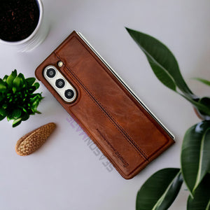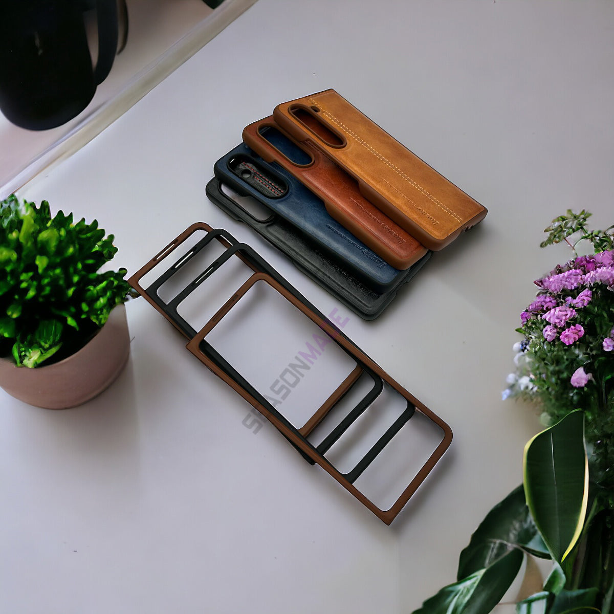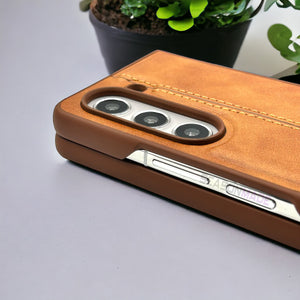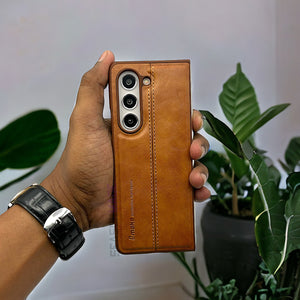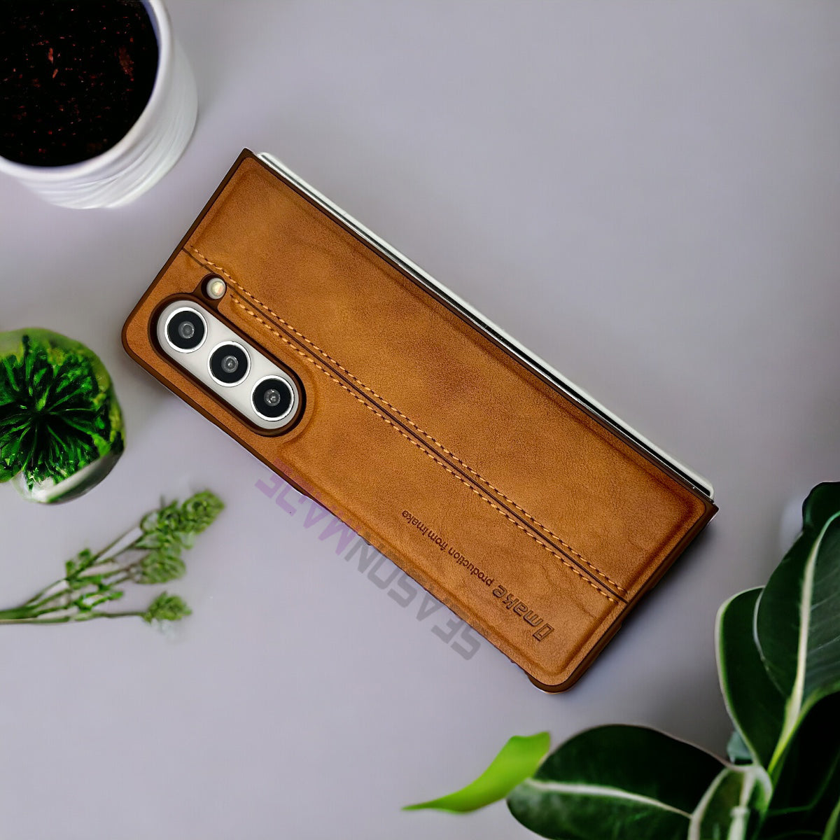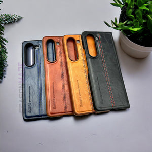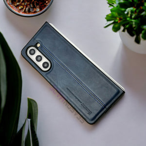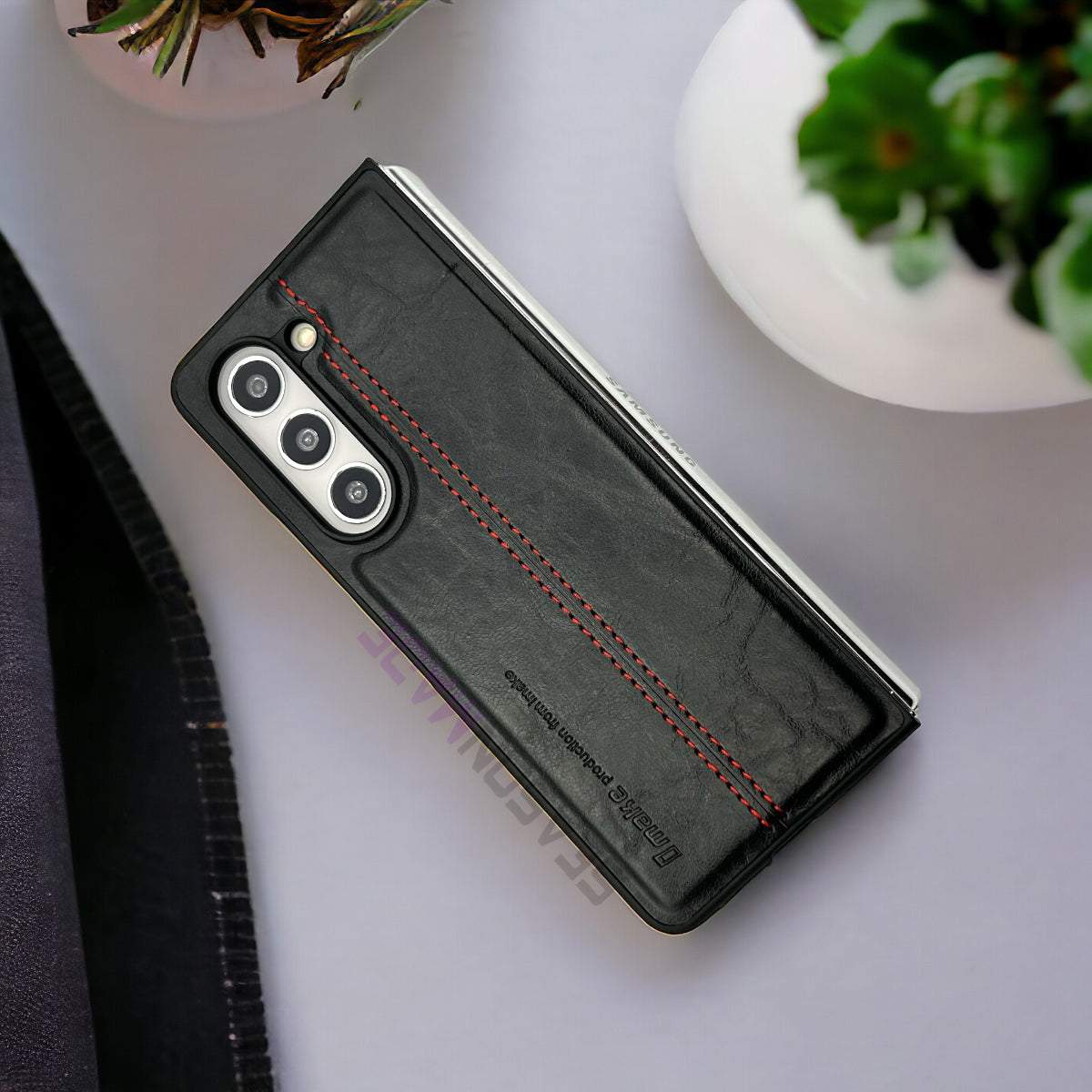 Samsung Galaxy Z Fold 5 PU Leather Stitched Case With Inside Velvet Cover
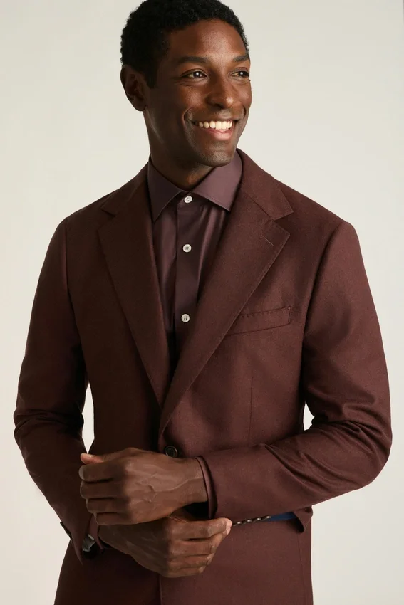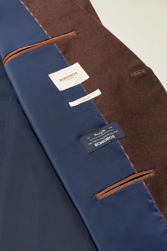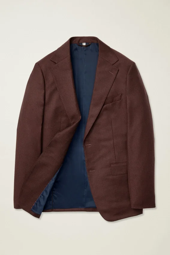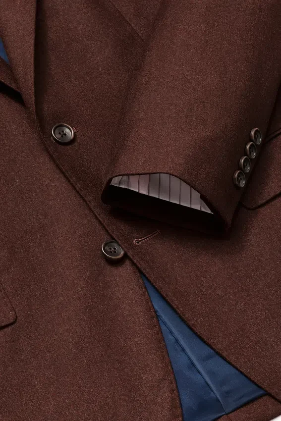 Tessuto Marzotto | Revers a V | Chiusura frontale a due bottoni | Cuciture a punto croce su colletto, revers e patte delle tasche | Interno completamente foderato | Maniche foderate | Tasche con patta in vita | Tasca sul petto | Tasche interne | Spacchi posteriori
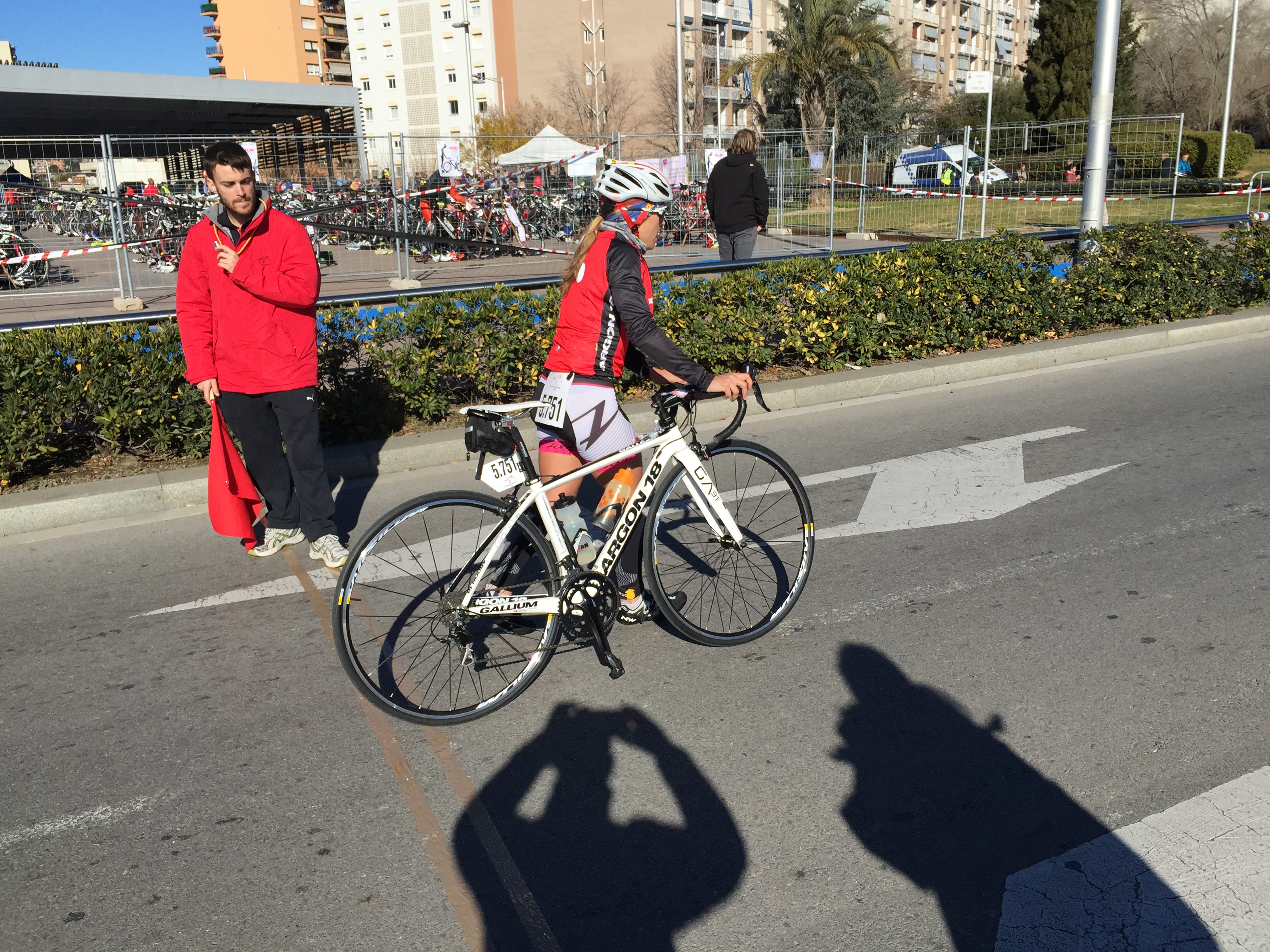 En la transición para la bici, me comenta Mireya que esta con el estómago «raro», pero se cambia las zapas y sale con la bici. Hace algo más de viento y me voy directo a la zona cercana donde darán la vuelta para hacer la segunda parte de la bici. Pasa en unos 45 minutos diciéndome que tiene rampas en los gemelos. Ya le pasó en la Cinc Cims, pero continúa y comienza la segunda vuelta. Le digo que se deje caer hasta que la atrape algún grupo que venga por detrás, para poder coger una rueda y dejarse llevar un poco. Los de delante se le han ido, pero conociendo lo cabezona que es, seguro que ha tirado sola.
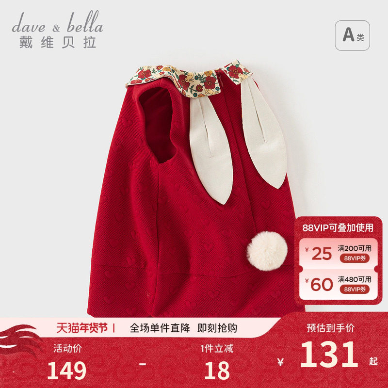 戴维贝拉女童连衣裙秋冬儿童兔耳朵红色新年裙子宝宝周岁可爱礼服

TASK: Print exactly the lines from the line with "Tessuto Marzotto |" through the end of the data, both ends included, and print no pictures.

RESULT:
 Tessuto Marzotto | Revers a V | Chiusura frontale a due bottoni | Cuciture a punto croce su colletto, revers e patte delle tasche | Interno completamente foderato | Maniche foderate | Tasche con patta in vita | Tasca sul petto | Tasche interne | Spacchi posteriori
 En la transición para la bici, me comenta Mireya que esta con el estómago «raro», pero se cambia las zapas y sale con la bici. Hace algo más de viento y me voy directo a la zona cercana donde darán la vuelta para hacer la segunda parte de la bici. Pasa en unos 45 minutos diciéndome que tiene rampas en los gemelos. Ya le pasó en la Cinc Cims, pero continúa y comienza la segunda vuelta. Le digo que se deje caer hasta que la atrape algún grupo que venga por detrás, para poder coger una rueda y dejarse llevar un poco. Los de delante se le han ido, pero conociendo lo cabezona que es, seguro que ha tirado sola.
 戴维贝拉女童连衣裙秋冬儿童兔耳朵红色新年裙子宝宝周岁可爱礼服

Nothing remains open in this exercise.